Spiegel-Titel: Schuss, der nach hinten losgeht?
Der Spiegel-Titel mit dem Fahndungsplakat-Design hat den Sachsen-Anhalt-Wahlkampf bundesweit in den Fokus gerückt. Wo zuvor kaum überregionale Berichterstattung stattfand, folgten mehrseitige Berichte, Social-Media-Debatten und Reaktionen aus dem gesamten Mediensystem. Auch der öffentlich-rechtliche MDR veröffentlichte zur gleichen Zeit einen thematisch ähnlichen Beitrag – was den Eindruck einer koordinierten Kampagne verstärkte.
Binkert sieht in dieser medialen Aufmerksamkeit primär einen Mobilisierungseffekt zugunsten der AfD:
- Die Bürger in Sachsen-Anhalt nehmen ihre Landtagswahl plötzlich als bundespolitisch bedeutsam wahr.
- Die Frage, ob Sigmund wirklich „gefährlich” oder nur für politische Gegner unbequem sei, beschäftigt viele Wähler.

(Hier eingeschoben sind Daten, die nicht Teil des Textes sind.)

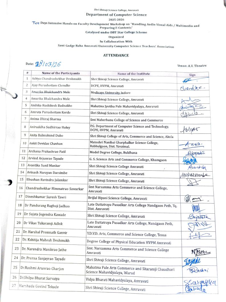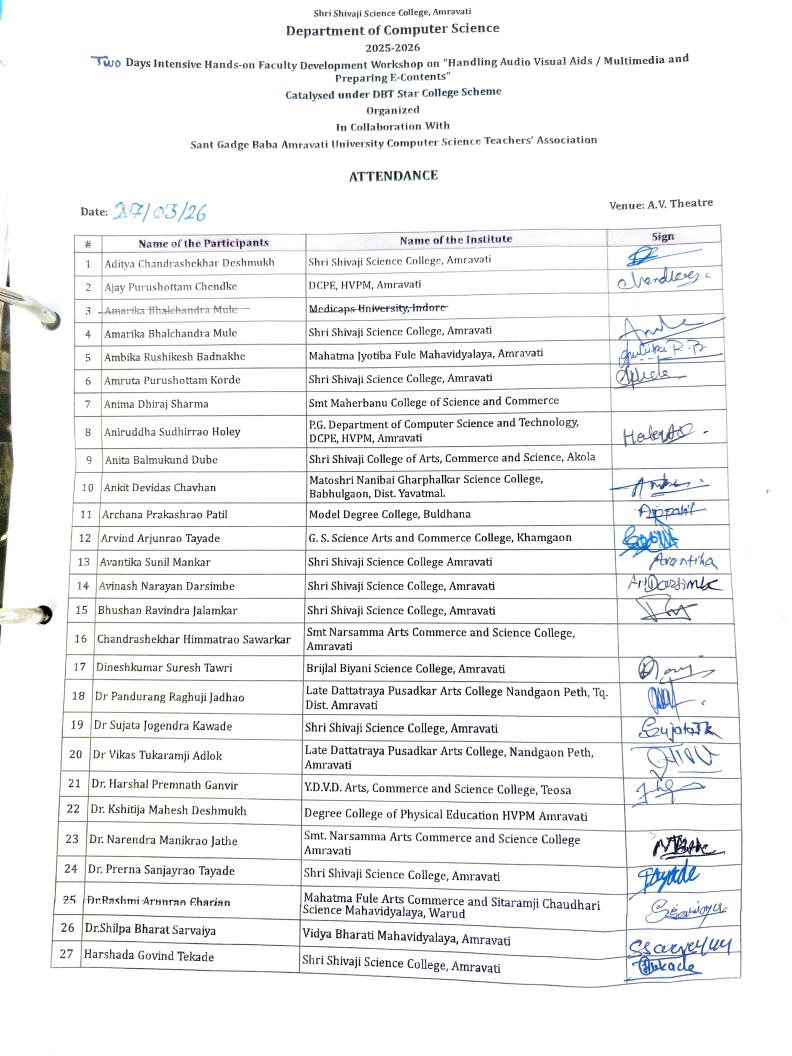 The Department of Computer Science & Application at Shri Shivaji Science College, Amravati successfully organized a Two-Day Intensive Hands-on Faculty Development Workshop on the theme “Handling Audio Visual Aids / Multimedia and Preparing E-Contents” on 27th and 28th March 2026. The workshop was conducted under the DBT Star College Scheme and aimed at enhancing the teaching competencies of faculty members in the digital era.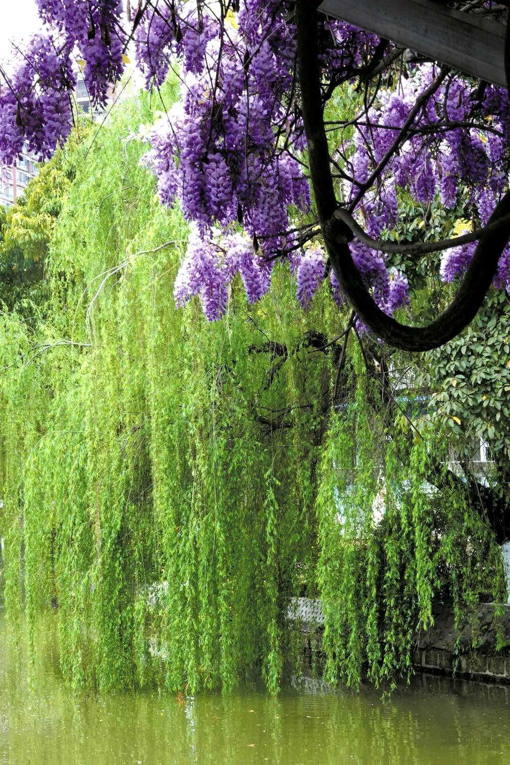 清明前后,百米长廊紫藤花大面积盛开,紫穗悬垂,紫花芬芳,开得蓬蓬勃勃、轰轰烈烈,这是桂湖公园最生动奇特的植物景观。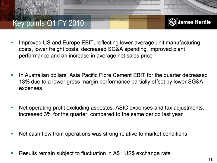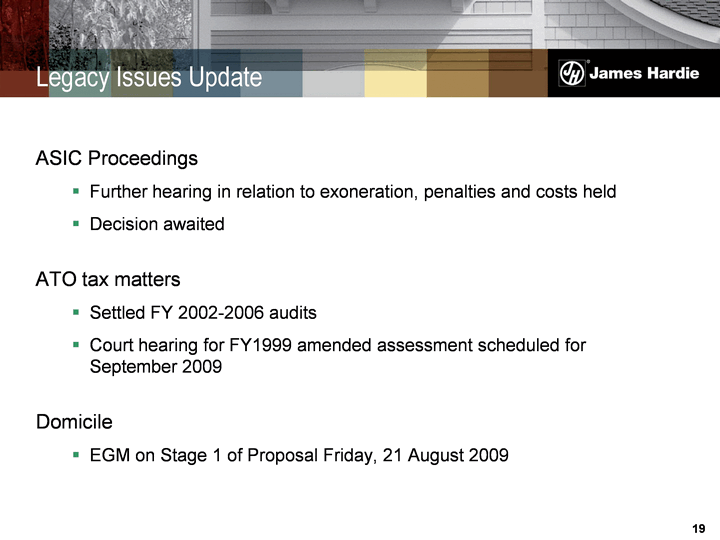 | 18 Improved US and Europe EBIT, reflecting lower average unit manufacturing costs, lower freight costs, decreased SG&A spending, improved plant performance and an increase in average net sales priceIn Australian dollars, Asia Pacific Fibre Cement EBIT for the quarter decreased 13% due to a lower gross margin performance partially offset by lower SG&A expenses Net operating profit excluding asbestos, ASIC expenses and tax adjustments, increased 3% for the quarter, compared to the same period last yearNet cash flow from operations was strong relative to market conditions Results remain subject to fluctuation in A$ : US$ exchange rate Key points Q1 FY 2010 |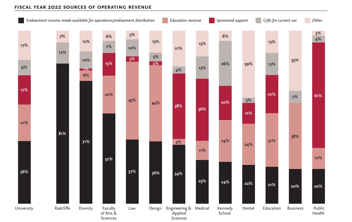 著名美國私立大學,哈佛。36%的年收入來自捐款造就的基金會。22年總收入也就58億美元吧。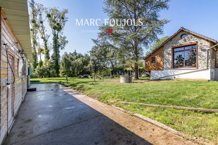 The 5,000 m² ground includes five horse stables, a 40 x 20 m Fontainebleau sand arena, and a tack room. Ideal for animal breeding or a small private stable with direct access to the forest.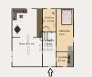 A belső tér jól kihasznált: előszoba, konyha, fürdő (zuhany + WC), hálószoba és nappali biztosít kényelmes pihenést.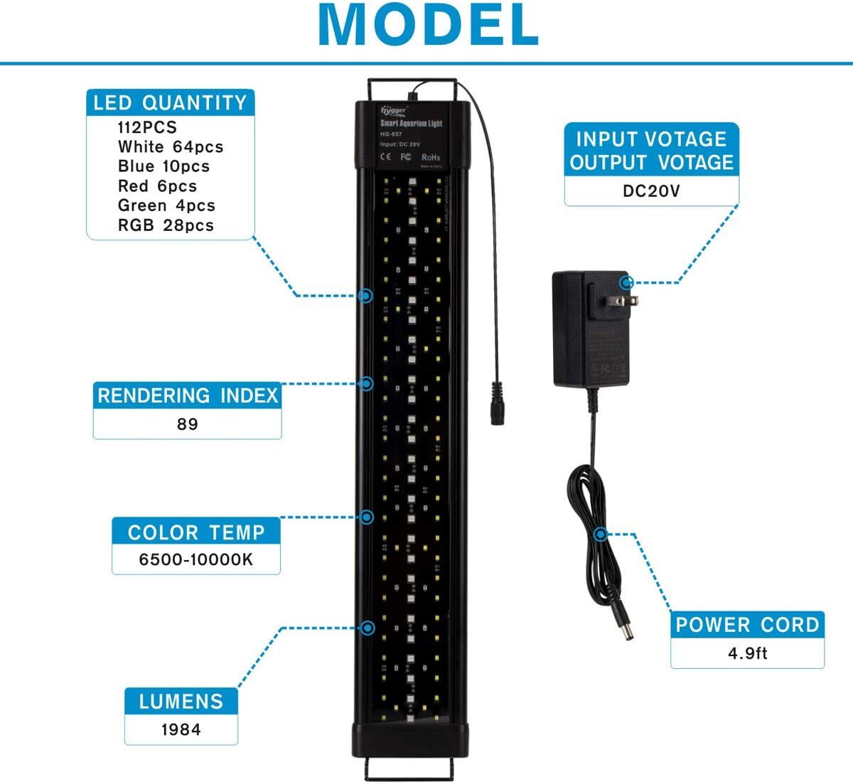 4 Modes: Default Mode. L: All-optical + Blue light(can change); Brightness is simulated sunrise to sunset + night effect. DIY Mode. L1-L6: All-optical; L7-L8:Blue. The brightness(10 kinds) and time (any time) of each stage(8 stages in total) can be set by yourself. Gradient Mode. The brightness time cannot be set. Cycle colors-dark blue, green, purple, light blue, yellow, red. All-day All-optical Mode.Can fine-tune the color temperature of RGB light, can not set the brightness and time New Upgrade: Lamp beads IP68 waterproof, and easy to clean and wipe. The separable adapter, even if it is damaged, no need to replace the light to avoid waste. Power off memory function, after the power is restored, the local time of the light will default to 12 noon, other settings remain unchanged, and then continue to run. The extendable bending bracket can be adjusted in length and easy to install, and can be applied to various freshwater tanks Useful Fish Light: the color of the fish tank light is all-optical, dark blue, green, purple, light blue, yellow, red, dark red (sign of the start color cycle mode). The light is soft, the color rendering index is close to natural light, up to 89%, protecting eyes and fish, to refuse the discomfort caused by stroboscopic for fish and viewers. Using high-quality 2835 + 5050 model lamp beads, long service life, at least 50,000 hours. And there are 10 kinds of light brightness can be adjusted LCD Display Operation: There are four function keys, mode setting / up / down / light setting keys. The main screen mainly displays the real-time local time (optional 12 hours/24 hours), the time is accurate to the second. The following two small screens are program timers, which used to set the start and end time of day and night in mode Technical Specifications: Aluminum alloy plastic case. LIGHT SIZE:60_10_2.2 cm. APPLICATION: 24~30 inches. INPUT VOTAGE: AC100-240V. OUTPUT VOTAGE:DC15V. LED QUANTITY:112 PCS. RENDERING INDEX:89. LUMENS:1984. Color temp:6500-10000K. POWER CORD:4.9 ft 11-18-25 SLC-122312 00.6 rt54

- Hohe Unzufriedenheit mit Bundesregierung und Bundeskanzler verstärkt den Wunsch, bei der Landtagswahl ein Zeichen zu setzen.
- Das Cover-Exemplar mit Sigmunds Unterschrift wird bei eBay für über 500 Euro gehandelt – ein Indikator für seinen Bekanntheitsgrad.
Inhaltlich, so die Kritik, liefere der Spiegel-Artikel kaum Belege für die titelgebende „Gefährlichkeit” – ein Glaubwürdigkeitsproblem, das den Mobilisierungseffekt zugunsten Sigmunds noch verstärken könnte.
Wahlbeteiligung und die 5-Prozent-Hürde
Bei der letzten Landtagswahl in Sachsen-Anhalt lag die Wahlbeteiligung bei rund 60 Prozent. Binkert rechnet für den 6. September mit einem deutlich höheren Wert – was für die kleineren Parteien zum Problem wird: Je mehr Menschen abstimmen, desto mehr Stimmen braucht eine Partei absolut, um die 5-Prozent-Hürde zu überspringen.
Aktuell bewegen sich mehrere Parteien in einem kritischen Bereich:
- SPD: 6 Prozent in der Sonntagsfrage, aber sichere Stimmen unter 5 Prozent; zusätzliches Potenzial von 17 Prozentpunkten
- BSW: knapp 5 Prozent – im Grenzbereich
- FDP und Grüne: jeweils rund 4 Prozent – aktuell außerhalb des Landtags
Taktische Wahlkampagnen, die Wähler anderer Parteien zur SPD oder zu den Grünen lotsen sollen, könnten nach Einschätzung Binkerts unbeabsichtigte Folgen haben – etwa Stimmenverluste für die CDU, die bei einem solchen Szenario unter die 20-Prozent-Marke rutschen könnte.
Regierungsbildung: Absolute Mehrheit für die AfD möglich
Sigmund selbst schloss in einem viral gegangenen Podcast-Interview – mit nach eigenen Angaben über 3 Millionen Aufrufen – eine Koalition mit der CDU weitgehend aus. Er forderte die Union auf, ihre politischen Positionen der vergangenen zwölf Jahre zu reflektieren, und bezweifelte, ob in der CDU noch ein nennenswert konservativer Geist vorhanden sei.
Binkert hält es für das wahrscheinlichste Szenario, dass vier Parteien in den Landtag einziehen – AfD, CDU, Linkspartei und SPD. Sollten es nur drei sein, hätte die AfD allein eine parlamentarische Mehrheit und könnte ohne Koalitionspartner regieren. In jedem Fall gilt nach Binkerts Analyse als sicher: Eine Mehrheitsregierung ohne AfD oder Linkspartei ist rechnerisch nicht darstellbar. Die CDU müsste sich entscheiden – und jede Entscheidung hätte Folgen weit über Sachsen-Anhalt hinaus.